The New Law confirms that RERA will continue to exercise certain powers established under the previous law, including the organization and supervision of real estate development escrow accounts, approving qualified banking and financial institutions to manage these accounts, and the adoption of rules governing practitioners of the real estate development activity, the sale and rental of real estate, real estate brokers, real estate assessment and joint ownership of real estate property.

The New Law came with a number of key modifications and additions to RERA’s functions and specialties broadening thereby its scope of authority over real estate activities in the Emirate. The newly introduced powers include that RERA shall now be responsible for organizing and licensing real estate activities and supervising the practitioners of these activities in order to ensure their compliance with the laws and regulation governing the real estate sector. RERA will also be responsible for the supervision and inspection of the management, operation and maintenance of joint real estate properties, proposing the necessary legislations to regulate the work of real estate practitioners, and issuing the necessary regulations for the training and qualification of employees in the organizations licensed to practice real estate activities through the Dubai Real Estate Institute (“DREI”), in addition to the registration and issuance of identification cards to practitioners of real estate industry.

Launch of Joint Initiative to Streamline UAE’s Real Estate Sector

A memorandum of understanding (MoU) between DLD and BSA was signed to promote foreign and local investment opportunities in Dubai through an innovative framework that will boost transparency and streamline transaction processes for investors in the sector. As part of the REL initiative, DLD is introducing several investment products to lift restrictions in the current real estate laws that will allow for more vigorous real estate investment in Dubai. The new initiative will especially facilitate the purchase and sale of properties by corporate entities with ultimate foreign ownership, therefore opening up the market to more corporate investors.

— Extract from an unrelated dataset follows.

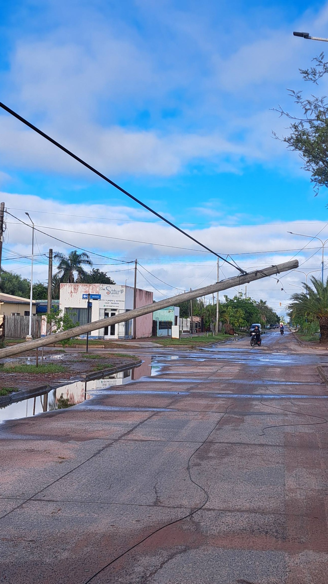 Como consecuencia de los fuertes vientos, varios postes de telefonía cedieron y quedaron colgados de los cables hacia la calle, lo que representaun gran peligro para los automovilistas .

Sultan Butti bin Mejren, director general of DLD, said: “At DLD, we are keen to support the directives of our wise leadership and the strategies to make Dubai the smartest and happiest city in the world. The MoU with BSA further supports our mission to consolidate and attract foreign and corporate real estate investments to Dubai. We are working to strengthen the real estate sector in the Emirate through such partnerships that ensure the ease and speed of regulatory and investment procedures.”

Dr Ahmad bin Hezeem, Senior Partner, BSA, said: “The overarching goal of this progressive initiative is to open up Dubai’s real estate market to more investors, increasing investment flows in the process. The REL initiative will provide a legal framework that streamlines and facilitates the process for investing capital in the city. This, in turn, will attract a wider range of investors and transactions. It’s a pleasure to once again be joining forces with DLD in support of the work we have been doing over the past 20 years reinforce our clients’ investment interests in Dubai’s real estate sector. In essence, the enhanced investment framework proposed by the REL will simplify the processes for clients.”

Majid Saqer Al Marri, CEO of the Registration and Real Estate Services Sector at DLD, said: “Our MoU with BSA is another step on our journey to ensuring the comfort and happiness of our customers through streamlining the processes of Dubai’s real estate sector. We will remain vigilant and progress upon our path of helping achieve objectives and keeping pace with developments in the field of registration and real estate services.”

The announcement comes after BSA’s previous collaboration with DLD to host ‘Legal Clinics,’ which provided the public with a six-hour window to access free advice from 25 expert lawyers, who specialise in areas as varied as real estate, construction, employment, compensation claims, criminal matters, debt recovery, tenancy disputes, inheritance, and family matters.